With a dynamic and focused Chief Minister like Bhuvan Chandra Khanduri, I am certain Uttarakhand will go places. His stewardship of the Surface Transport Ministry during Atal Bihari Vajpayee’s Prime Ministership was exemplary; Gen Khanduri was the executor of the Golden Quadrilateral project, which, despite the ineptitude and widely alleged corruption of his successors, is making a huge difference to contemporary India wherever it has been completed.

That is why I was pained driving through incredibly damaged tracks on the stretch between Gairsain and Karnprayag, especially a 12-km nightmare from Adi Badri to Simli. The ordeal did not end once we reached Karnprayag, bang on the route to the pilgrim centre of Badrinath and ski resort of Auli. While the drive was significantly better after some time and we reached Devprayag via Rudraprayag and Srinagar in good time, thereafter the road has simply ceased to exist. Evidently, the National Highway Authority of India (NHAI) undertook to widen the road connecting Devprayag and Rishikesh but abandoned the work with the onset of monsoon. As a result, humungous boulders and massive trees have descended on what used to be the road, officially National Highway 87, making it almost impossible to negotiate especially after sundown. Considering the density of traffic on this route, it is criminal to leave people to travel at their own risk on a road bordered by steep hills on one side and the raging Ganga on the other.

Upon inquiry in Dehra Dun, I discovered that the Government of India has not released stipulated funds to NHAI which, in turn, is unable to pay the Border Roads Organisation (BRO) to speedily complete the project.

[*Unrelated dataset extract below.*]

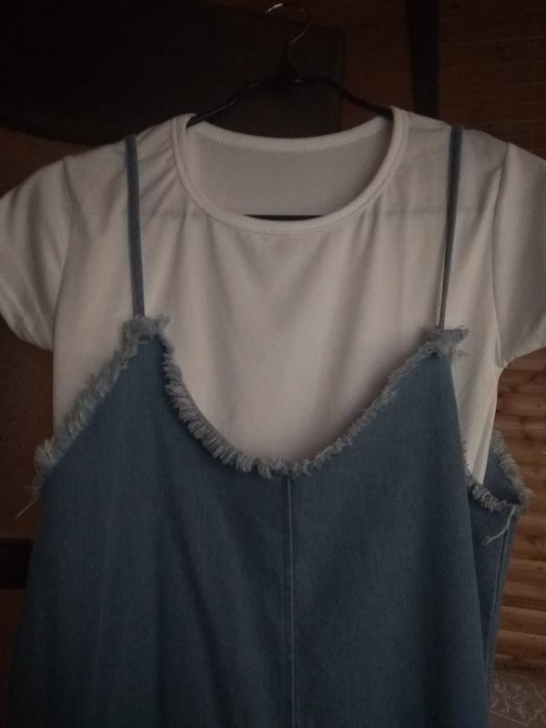 Джинсовий сарафан з футболкою в комплекті оверсайз

Yet, even the Bhowali-Karnprayag stretch, covering nearly 200 km, has been assigned to NHAI as it now sports the NH 87E (extension) label. What is the point of asking NHAI to take over corridors that it cannot adequately maintain? And why starve BRO of funds to rapidly complete road projects that are crucial both to tourism and defence? I share Gen Khanduri’s anguish over the UPA Government de-prioritising India’s highway hopes. We can cry hoarse over China building a metalled road to the Everest base camp, but the fact is that they have built some splendid six-lane expressways throughout their country. Our present regime, on the other hand, thinks road-building is immaterial because it feels proverbial Hindu fatalism will accept just about every sloppiness. That kind of negligence causes 80,000 deaths every year on our fatal highways.